WORK INSTRUCTION: Give again, word for word, only the lines of the material below from its first line through the one that holds "В бухтах штормит."; pictures stay out.

INFORMATION PROVIDED:
━━━━━━━━━━━━━━━━
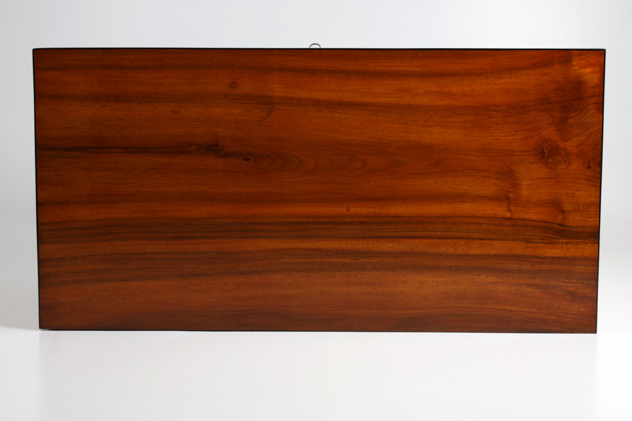 The surface has been carefully hand-polished using traditional shellac, resulting in a deep lustre that beautifully accentuates the natural character of the wood.
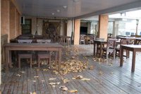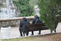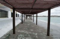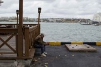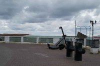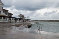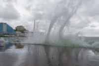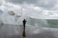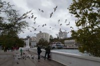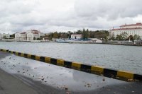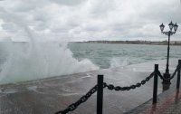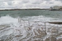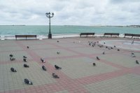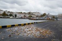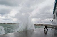 В бухтах штормит. Довольно сильный северо-западный ветер, по данным метеостанции – 20-25 м/с. Народ фотографируется на фоне разбивающихся о набережную волн. Не всем удается остаться сухими.
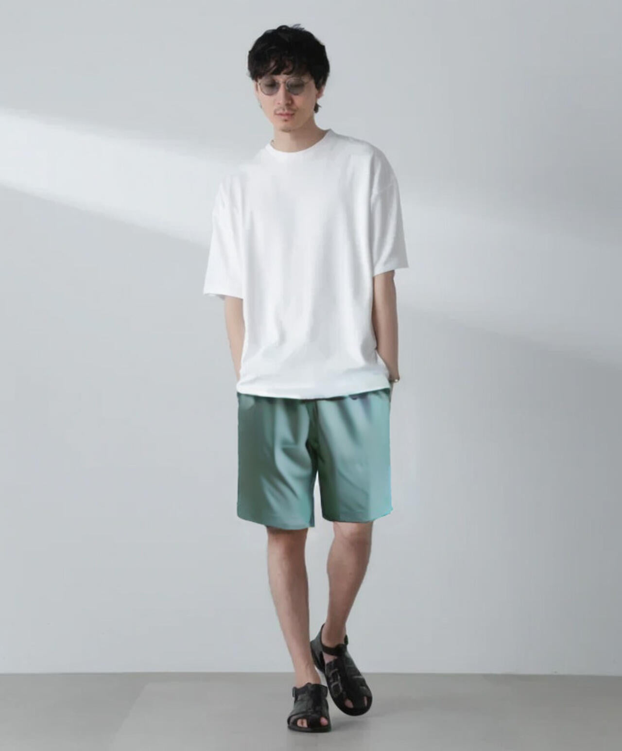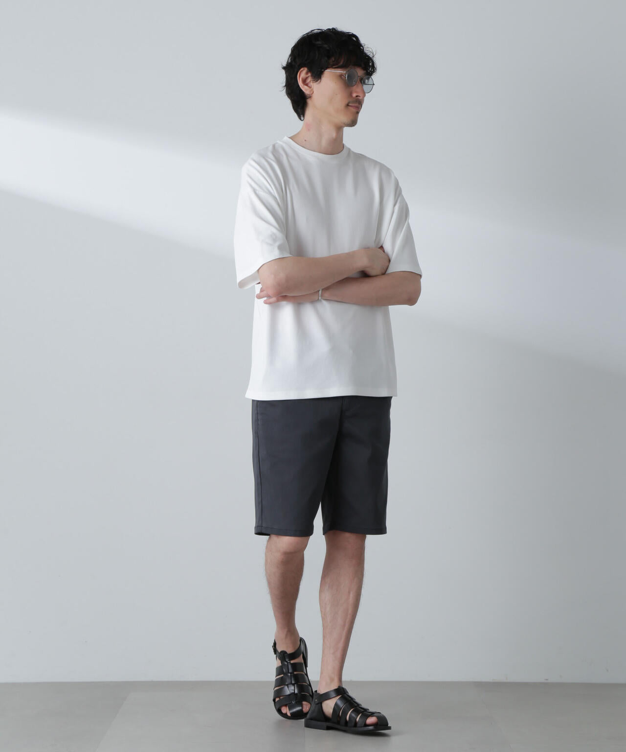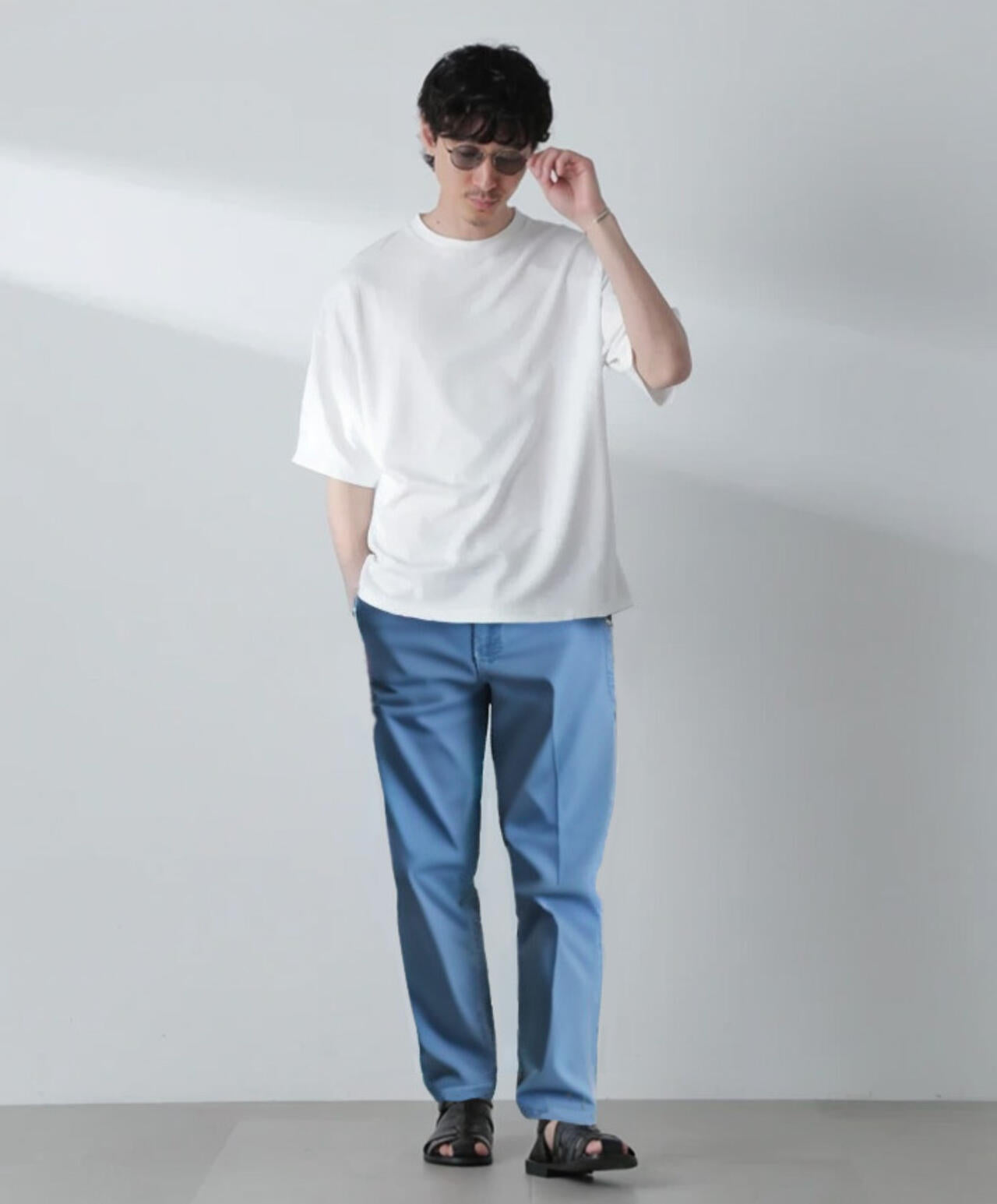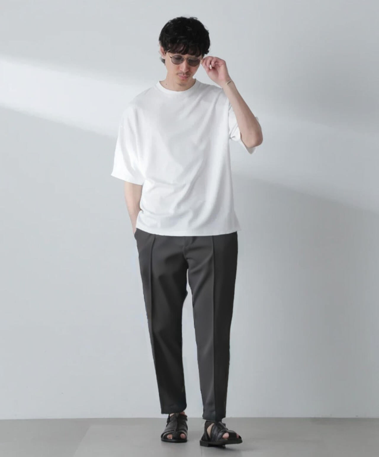 上品な光沢感としなやかな風合いが特徴的なプレーティング天竺Tシャツ。
━━━━━━━━━━━━━━━━
SOLVED PROBLEM:
 The surface has been carefully hand-polished using traditional shellac, resulting in a deep lustre that beautifully accentuates the natural character of the wood.
 В бухтах штормит. Довольно сильный северо-западный ветер, по данным метеостанции – 20-25 м/с. Народ фотографируется на фоне разбивающихся о набережную волн. Не всем удается остаться сухими.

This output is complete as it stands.